**Task prompt:**
Your task is to output the listing exactly, leaving every image out.

**Stored data:**
# # # # #

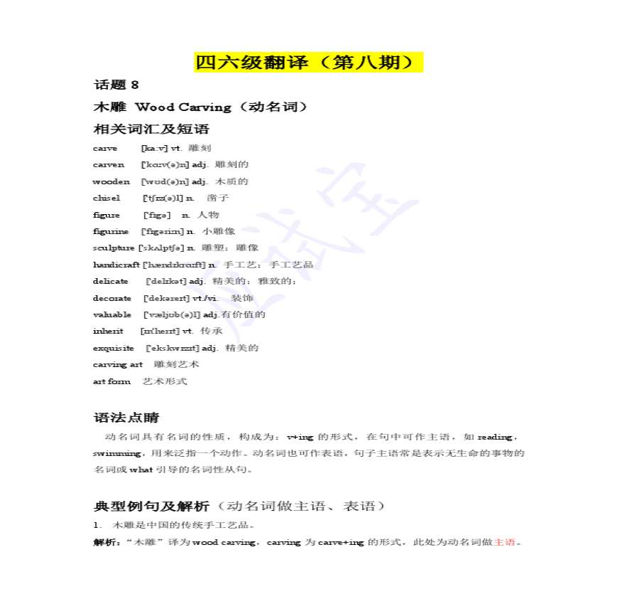 四六级翻译(第八期)+(第七期答案)资料下载,喜欢的朋友可以下载收藏!
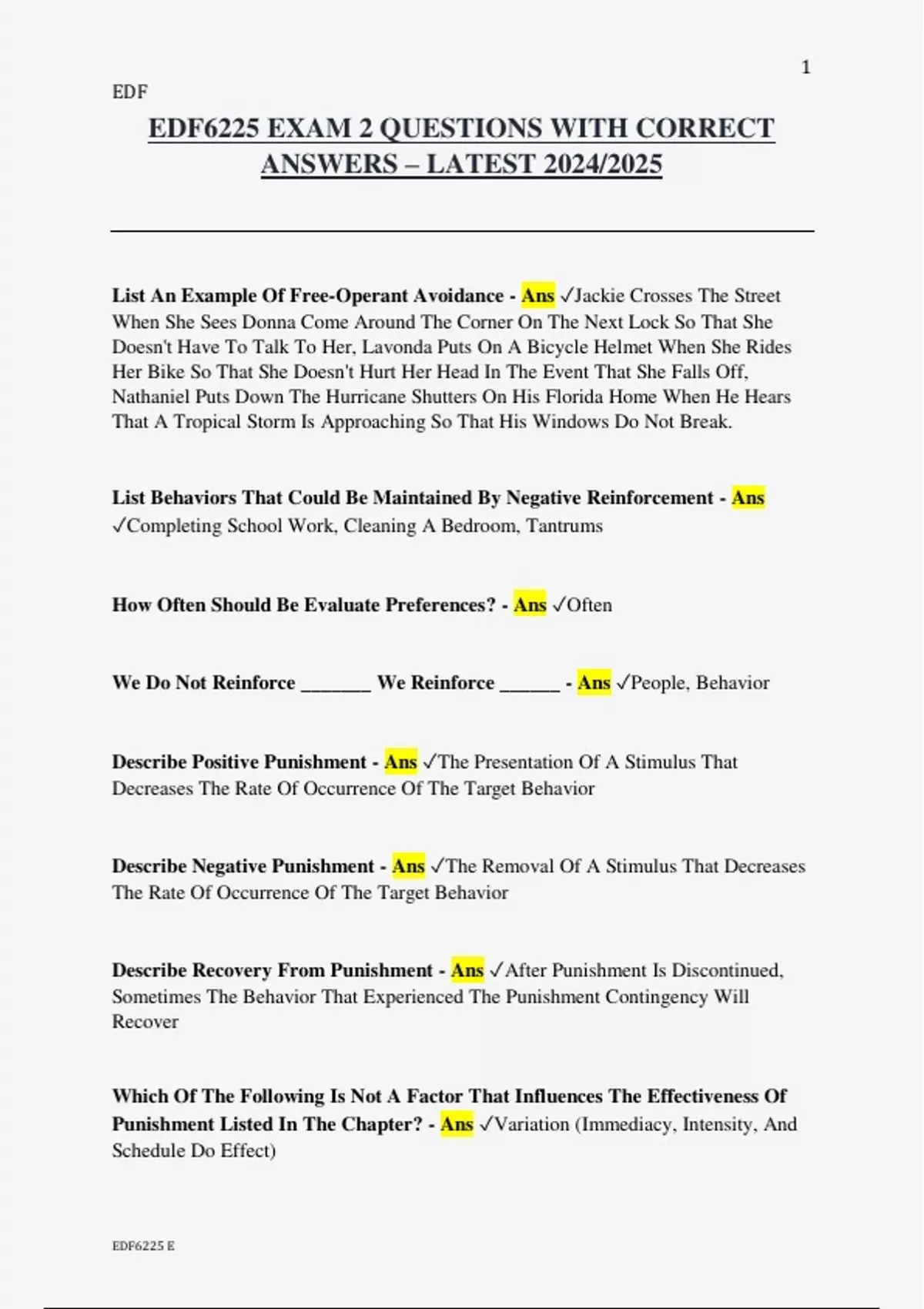 EDF6225 EXAM 2 QUESTIONS WITH CORRECT
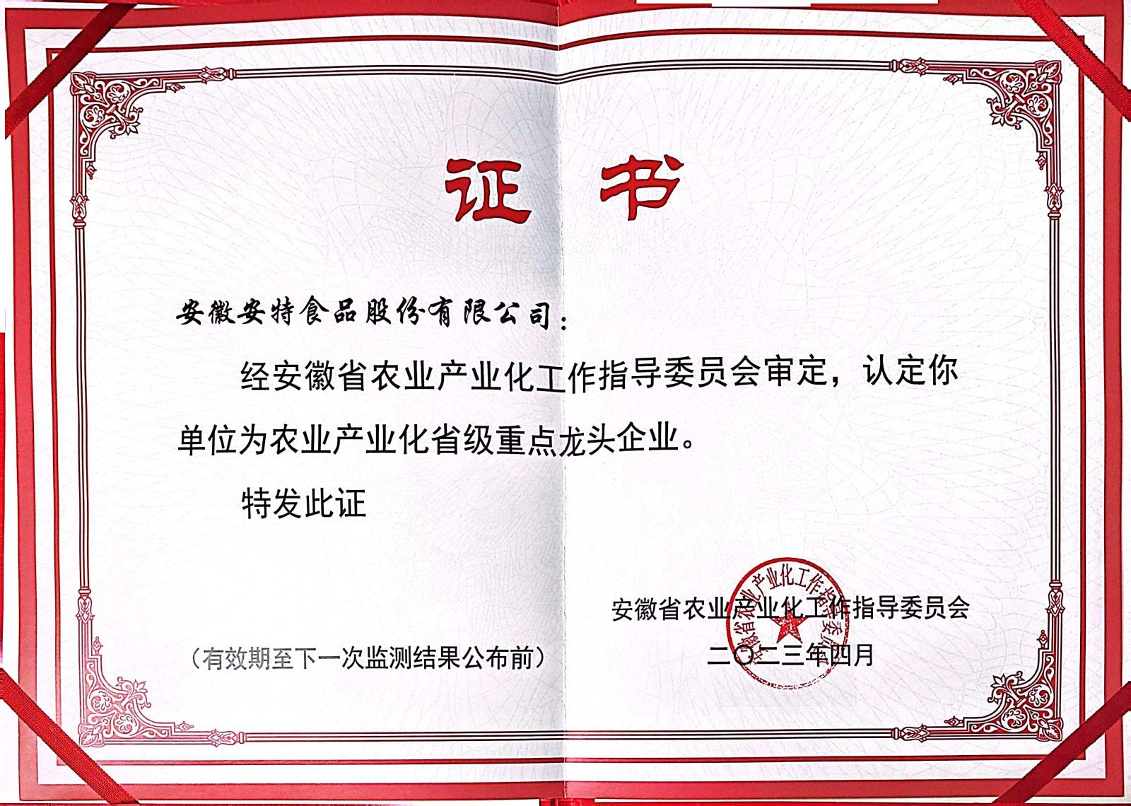 公司再次獲評“農業產業化省級重點龍頭企業”

# # # # #

**Answer box:**
 四六级翻译(第八期)+(第七期答案)资料下载,喜欢的朋友可以下载收藏!
 EDF6225 EXAM 2 QUESTIONS WITH CORRECT
 公司再次獲評“農業產業化省級重點龍頭企業”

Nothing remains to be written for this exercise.